In this lesson, we discuss how prior predictive checks can help build appropriate priors for a model. The procedure is used check to make sure the generative model can actually generate reasonable data sets.

19.1 Building a generative model

When considering how to build the model, we should think about the data generation process. We generally specify the likelihood first, and then use it to identify what the parameters are, which tells us what we need to specify for the prior. Indeed, the prior can often only be understood in the context of the likelihood.

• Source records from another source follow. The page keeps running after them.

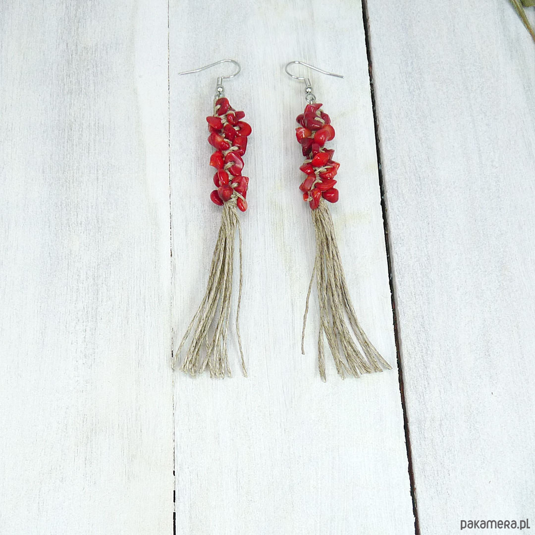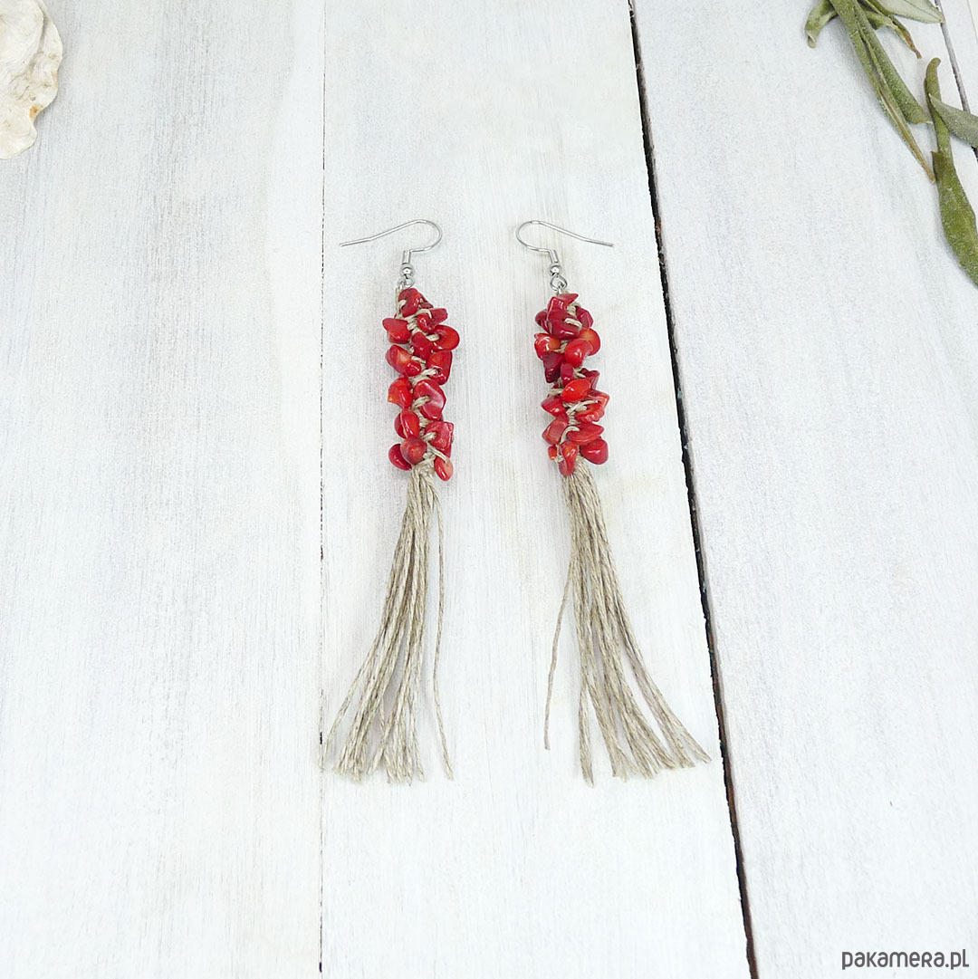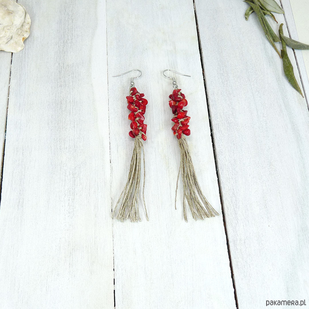 koral czerwony nieregularny, len naturalny, stal szlachetna kolor srebrny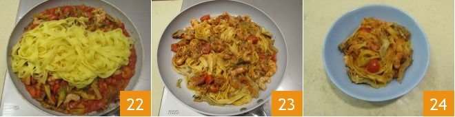 and pour them directly into the pan with the sauce 22. Sauté the fettuccine in the artichoke and shrimp tail sauce 23 to flavor them, and then serve them hot 24.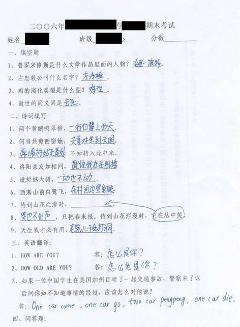 好笑吗?现在的学生都是这样作答的..

Note, though, that the split between the likelihood and prior need even be explicit. When we study hierarchical models, we will see that it is sometimes not obvious how to unambiguously define the likelihood and prior. Rather, in order to do Bayesian inference, we really only need to specify the joint distribution, \(\pi(y,\theta)\), which is the product of the likelihood and prior.

\[\begin{align} g(\theta \mid y) = \frac{f(y\mid \theta)\,g(\theta)}{f(\theta)} = \frac{\pi(y, \theta)}{f(\theta)}. \end{align} \]

After defining the joint distribution, either by defining a likelihood and a prior separately (which is what we usually do) or by directly defining the joint, we should check to make sure that making draws of data sets \(y\) out of it give reasonable results. In other words, we need to ask if the data generation process we have prescribed actually produces data that obeys physical constraints and matches our intuition. The procedure of prior predictive checks enables this. We use the joint distribution to generate parameter sets and data sets and then check if the results make sense. We will learn about doing this using both Numpy and Stan in this lesson.

19.2 The experiment

We will do a very simple experiment in which we take a sample of retinal tissue and expose it to a constant light source. We measure the spiking activity of a single retinal ganglion cell (RGC) over a time interval. We will consider two models, one with Poissonian spiking and one with Inverse Gaussian-distributed spiking. We will build generative models for each, starting with the Poissonian model. We will use prior predictive checks to hone in on the priors.

In order to do the prior predictive checks, we will assume we measure spiking for 30 seconds.

19.3 Model 1: Spikes are Poissonian

For our first model, we assume that spikes arise from a Poisson process, such that the interspike intervals are exponentially distributed.

19.3.1 The likelihood

Let \(y\) be the set of observed interspike intervals. Then, our likelihood is i.i.d. Exponentially distributed interspike intervals with rate parameter \(\beta\). Our likelihood is then

\[\begin{align} y_i \sim \text{Expon}(\beta) \;\forall i. \end{align} \]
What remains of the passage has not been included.